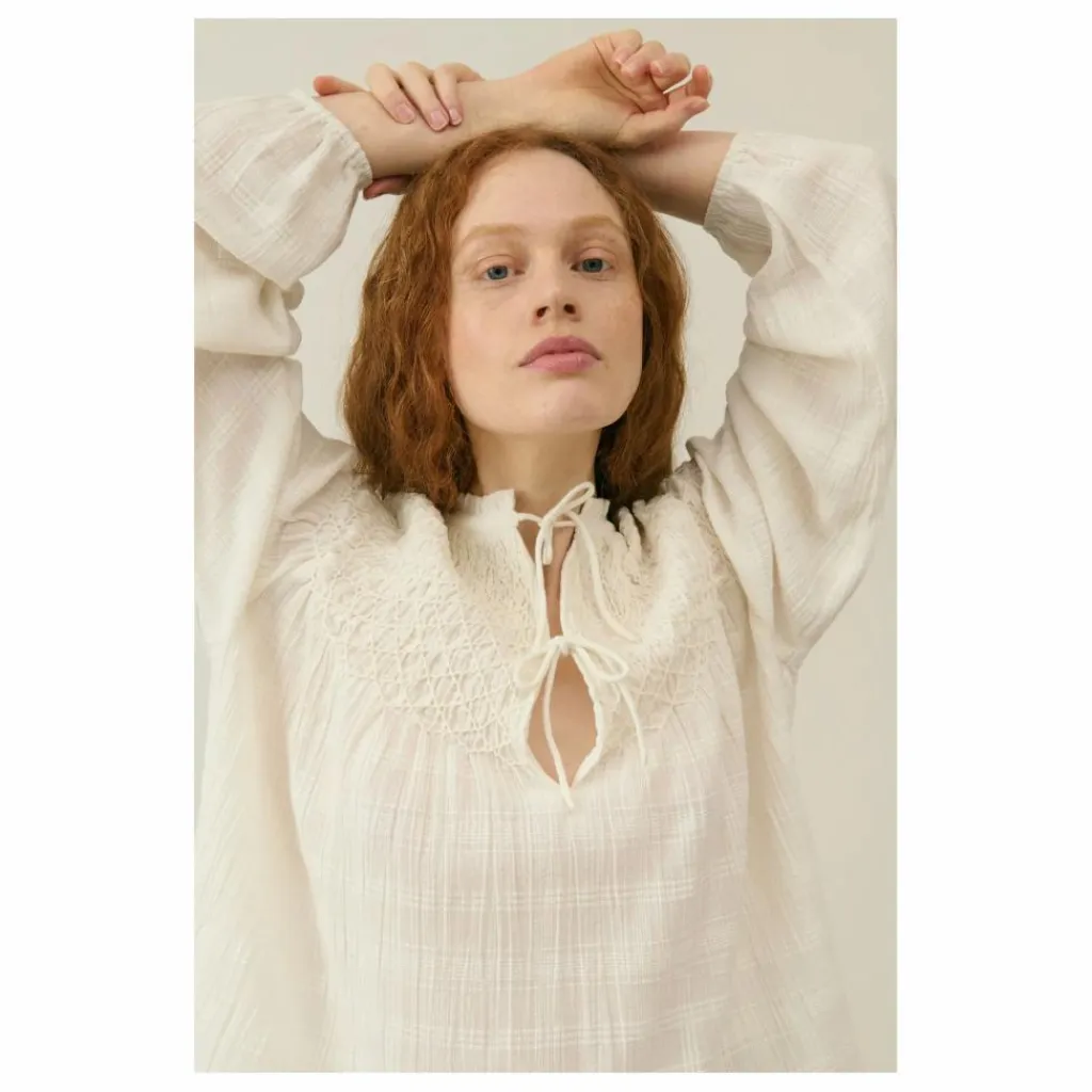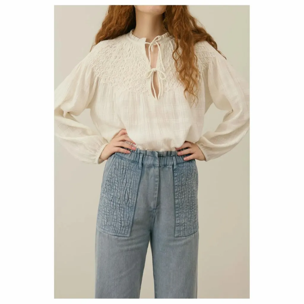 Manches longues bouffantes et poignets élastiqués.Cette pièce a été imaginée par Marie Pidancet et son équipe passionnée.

:::::

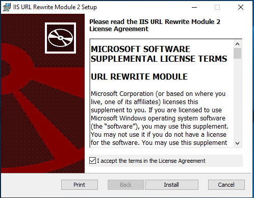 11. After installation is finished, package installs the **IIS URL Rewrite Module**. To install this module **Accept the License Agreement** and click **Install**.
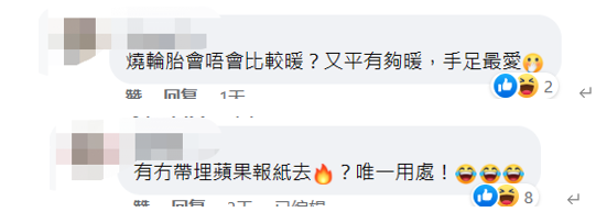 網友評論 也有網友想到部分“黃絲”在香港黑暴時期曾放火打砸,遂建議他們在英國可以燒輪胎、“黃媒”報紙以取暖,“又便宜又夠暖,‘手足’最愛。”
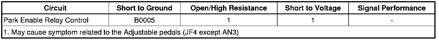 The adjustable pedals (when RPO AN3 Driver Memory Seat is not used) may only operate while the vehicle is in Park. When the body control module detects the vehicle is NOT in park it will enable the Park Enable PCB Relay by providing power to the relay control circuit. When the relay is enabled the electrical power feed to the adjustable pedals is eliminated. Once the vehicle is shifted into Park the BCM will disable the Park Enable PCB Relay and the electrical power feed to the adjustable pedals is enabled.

:::::

Give again the stretch of lines above from the one with "11. After installation" through the one with "The adjustable pedals (when", both ends kept, and copy no pictures.

Answer section —
 11. After installation is finished, package installs the **IIS URL Rewrite Module**. To install this module **Accept the License Agreement** and click **Install**.
 網友評論 也有網友想到部分“黃絲”在香港黑暴時期曾放火打砸,遂建議他們在英國可以燒輪胎、“黃媒”報紙以取暖,“又便宜又夠暖,‘手足’最愛。”
 The adjustable pedals (when RPO AN3 Driver Memory Seat is not used) may only operate while the vehicle is in Park. When the body control module detects the vehicle is NOT in park it will enable the Park Enable PCB Relay by providing power to the relay control circuit. When the relay is enabled the electrical power feed to the adjustable pedals is eliminated. Once the vehicle is shifted into Park the BCM will disable the Park Enable PCB Relay and the electrical power feed to the adjustable pedals is enabled.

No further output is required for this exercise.